Content starts
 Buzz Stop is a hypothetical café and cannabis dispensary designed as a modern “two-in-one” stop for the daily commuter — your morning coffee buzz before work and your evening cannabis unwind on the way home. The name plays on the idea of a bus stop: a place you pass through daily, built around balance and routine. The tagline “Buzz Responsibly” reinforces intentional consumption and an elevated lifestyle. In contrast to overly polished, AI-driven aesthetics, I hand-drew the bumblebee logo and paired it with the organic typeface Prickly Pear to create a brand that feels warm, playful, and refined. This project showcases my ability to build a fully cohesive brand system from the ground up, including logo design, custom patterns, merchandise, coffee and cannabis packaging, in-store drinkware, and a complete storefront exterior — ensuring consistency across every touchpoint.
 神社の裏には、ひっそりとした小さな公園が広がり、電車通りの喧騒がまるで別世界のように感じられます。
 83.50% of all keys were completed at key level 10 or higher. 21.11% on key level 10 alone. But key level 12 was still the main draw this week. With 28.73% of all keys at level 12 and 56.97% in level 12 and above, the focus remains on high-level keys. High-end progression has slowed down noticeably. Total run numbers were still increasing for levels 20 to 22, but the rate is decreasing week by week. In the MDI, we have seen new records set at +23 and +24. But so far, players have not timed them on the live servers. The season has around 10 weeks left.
Content ends
Content starts
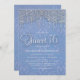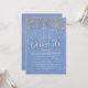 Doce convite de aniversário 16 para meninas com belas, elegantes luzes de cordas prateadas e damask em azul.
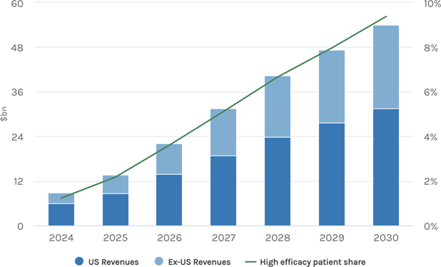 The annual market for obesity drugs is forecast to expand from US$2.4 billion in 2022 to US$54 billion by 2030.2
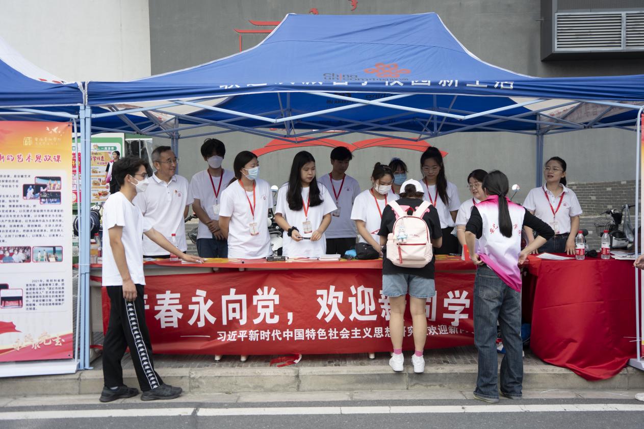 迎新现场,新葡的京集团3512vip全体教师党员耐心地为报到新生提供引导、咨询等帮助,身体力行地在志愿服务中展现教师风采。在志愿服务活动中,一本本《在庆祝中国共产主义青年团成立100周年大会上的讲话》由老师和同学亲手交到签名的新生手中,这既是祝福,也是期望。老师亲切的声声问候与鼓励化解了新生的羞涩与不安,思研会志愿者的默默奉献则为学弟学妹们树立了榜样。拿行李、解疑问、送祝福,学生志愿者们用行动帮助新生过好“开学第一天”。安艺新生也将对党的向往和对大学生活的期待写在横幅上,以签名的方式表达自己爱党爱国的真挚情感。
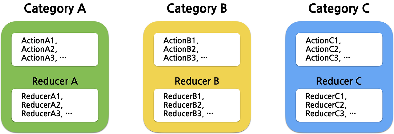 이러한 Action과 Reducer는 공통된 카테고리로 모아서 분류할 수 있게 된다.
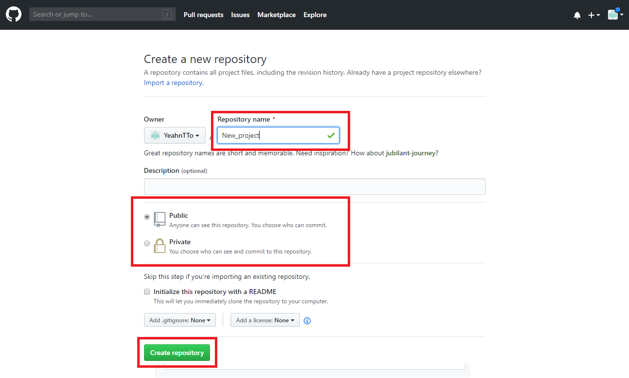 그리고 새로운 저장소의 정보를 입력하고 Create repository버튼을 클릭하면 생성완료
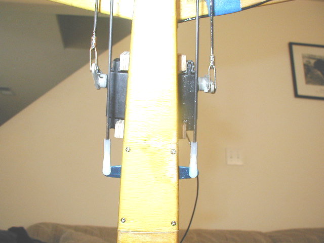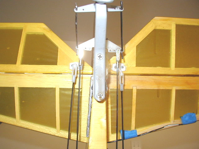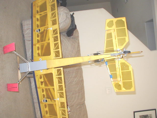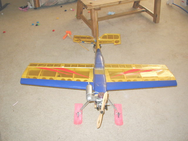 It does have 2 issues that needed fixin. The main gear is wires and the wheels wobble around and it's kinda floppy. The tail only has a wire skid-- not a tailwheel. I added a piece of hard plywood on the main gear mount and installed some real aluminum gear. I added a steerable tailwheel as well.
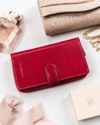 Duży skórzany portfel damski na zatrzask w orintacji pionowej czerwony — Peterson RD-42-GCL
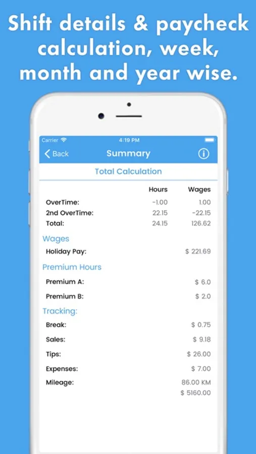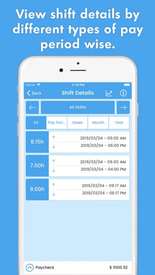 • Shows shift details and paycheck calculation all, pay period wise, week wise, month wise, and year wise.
Content ends
Content starts
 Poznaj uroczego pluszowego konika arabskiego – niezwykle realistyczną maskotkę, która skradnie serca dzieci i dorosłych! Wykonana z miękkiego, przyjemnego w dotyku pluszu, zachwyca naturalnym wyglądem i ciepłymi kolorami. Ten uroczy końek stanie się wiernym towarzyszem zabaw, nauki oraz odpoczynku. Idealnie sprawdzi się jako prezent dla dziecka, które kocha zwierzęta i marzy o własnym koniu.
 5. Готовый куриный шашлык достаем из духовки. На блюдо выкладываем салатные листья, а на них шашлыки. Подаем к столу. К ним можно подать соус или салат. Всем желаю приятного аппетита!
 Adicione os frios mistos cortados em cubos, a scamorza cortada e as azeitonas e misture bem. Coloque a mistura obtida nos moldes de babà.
Content ends
> _What to work on_:
In the listing above, find the line with "5. Готовый куриный" and the line with "Adicione os frios"; output exactly those lines and all lines between them.

> _Task response_:
 5. Готовый куриный шашлык достаем из духовки. На блюдо выкладываем салатные листья, а на них шашлыки. Подаем к столу. К ним можно подать соус или салат. Всем желаю приятного аппетита!
 Adicione os frios mistos cortados em cubos, a scamorza cortada e as azeitonas e misture bem. Coloque a mistura obtida nos moldes de babà.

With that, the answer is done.